“I—you,” the girl faltered. “Why I thought you cared for Margaret. I never dreamed—” then somehow Polly, who had always so much to say, could not even finish her sentence.
“No, of course you never did,” the man replied gravely. “Still, I want you to know that Margaret and I have never thought of being anything but the best of friends. Now let us talk of something else, only tell me first that you are not angry and we will never speak of this again.”
“No, I am not displeased,” Polly faltered, looking and feeling absurdly young and inadequate to the importance of the situation.
Then, walking on and keeping step with her companion, suddenly a new world seemed to have spread itself before her eyes. Shyly she stole a glance at her tall companion, and then laid her hand coaxingly on his coat sleeve.
“Will you please stop a minute. I want to explain something to you,” she asked. Polly’s expression was intensely serious; she had never been more in earnest; all the color seemed to have gone from her face so as to leave her eyes the more deeply blue.
“You see, Mr.

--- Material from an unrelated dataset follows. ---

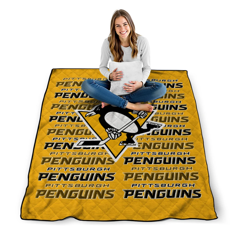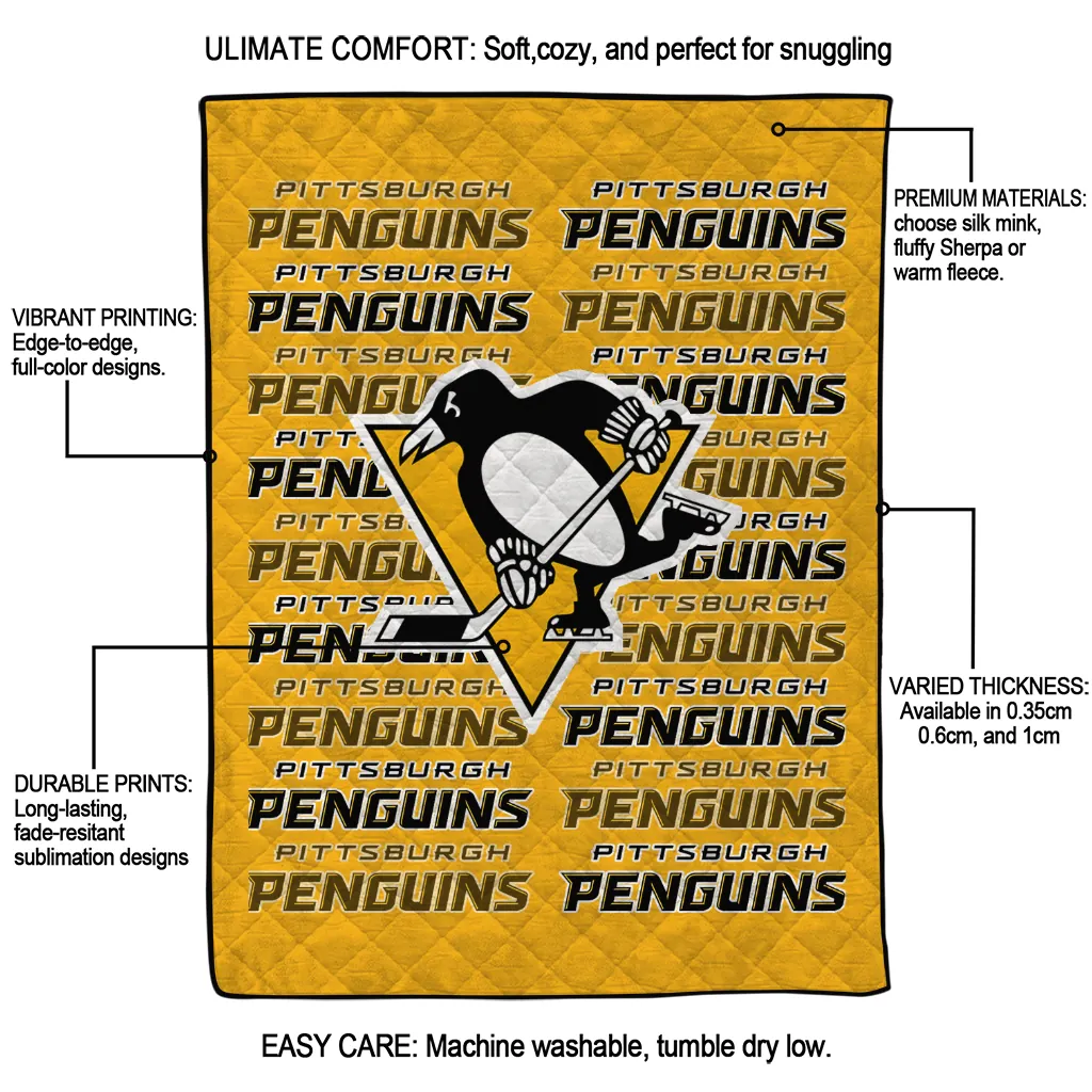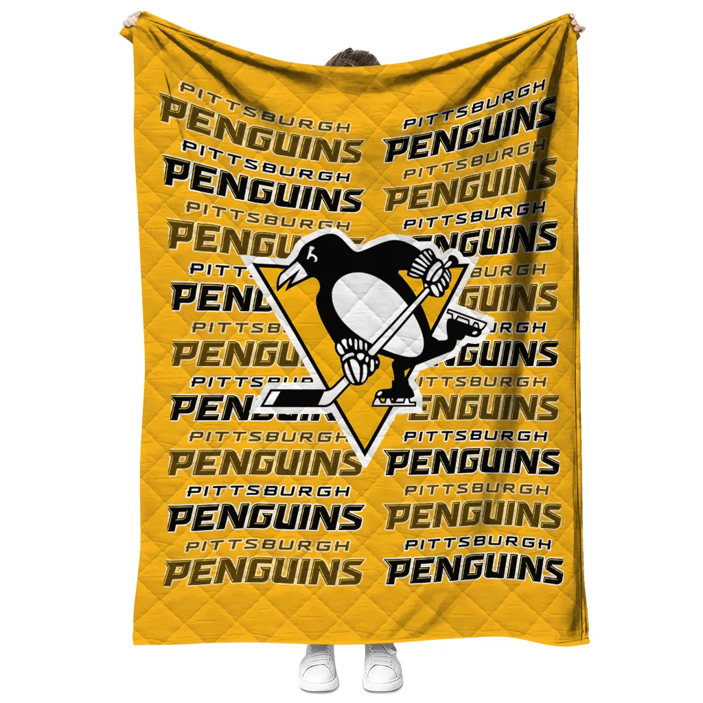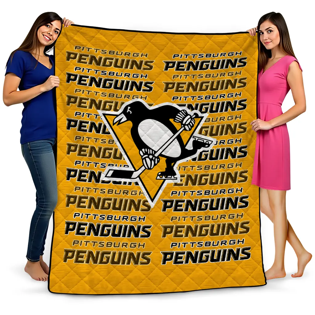 Pittsburgh Penguins Bold Red Yellow Quilt Blanket

Hunt, I never, never intend marrying any one. I mean to devote all my life to my profession and I have never thought of anything else since I was a little girl.”
Gravely Richard Hunt nodded. Not for an instant did his face betray any doubt of Polly’s decision in regard to her future. Then Polly laughed and her eyes changed from their former seriousness to a look of the gayest and most charming camaraderie. “Still, Mr. Hunt, if you really did mean what you said just now, why I don’t believe I shall mind if we do speak of it some day again. Of course I am not in love with you, but——”
Richard Hunt slipped the girl’s arm inside his. There was something in his face that gave Polly a sense of strength and quiet such as she had never felt in all her restless, ambitious girlhood.
“Yes, I understand,” he answered. “But look there, Polly, isn’t that Sunrise Hill over there and your beloved little cabin in the distance? And aren’t we glad to be alive in this wonderful world?”
The girl’s voice was like a song. “I never knew what it meant to be really alive until this minute,” she whispered.